Either way, I'll bet it was an
ordeal wasn't it? And I'll bet a painful one at that. There
were all those expectations - the house,the kids, the "happily
ever after" that didn't come to pass. Some experiencing
the trauma of divorce seem to take it in stride, for most though,
it will be the death of a dream.
We human beings are a complicated
lot, living complicated lives. Maintaining a happy marriage
is beyond the abilities of half who attempt it, no matter how
well intentioned they are. Indeed some problems will only become
apparent to couples only after they get married; for if there
is a weakness in the relationship, or in either personality,
the rigors of marriage will surely find it.
Society and unfortunately many
religions often add to the problem by shaming those who prematurely
their marriages. Added to that is ones' own desire not to have
a "failed marriage." But many who stay married to
avoid the stigma of divorce spend decades in barren and often
abusive marriages- all not to let down someone else's' expectations.

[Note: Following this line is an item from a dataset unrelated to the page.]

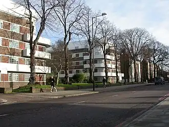 Following World War II, Oaklands House, Oakfield House, Clarence House, and their associated grounds underwent much development as this area was heavily damaged during the Blitz. The area immediately to the east of the Estate had been developed by the London County Council (LCC) in the 1920s as council housing, mostly in characteristic blocks of neo-Georgian brick flats. After 1945, most of the Cubitt houses were demolished and the northern part of the original area was redeveloped by the LCC in a very different Modern Movement style. On completion of the scheme the Clapham Park Estate became the largest single council estate within the London Borough of Lambeth.

I want you to know some things
up front- that prior marriage of yours wasn't a failure. That
marriage went as far as you both could take it. It reached
a point where it was no longer tenable- and then it concluded.
I've married thousands of couples, not one of which ever told
me " Thanks Tom!, I hope we get a few months or a few
years out of this." All wanted to take their marriages
to the grave.
I have no guilt or shame for you
and I have no questions about your marital history. I personally
hope you forgive what can be forgiven, and look at your
prior marriage as the learning experience that it was.
I am also hopeful that you just
might be entering into a relationship with the love of your
life. The one that was meant to be, and the one you deserve.
And to that end, I intend to fully advocate you in front of
all your friends and family. I think you'll find that they,
like me, couldn't be happier for you.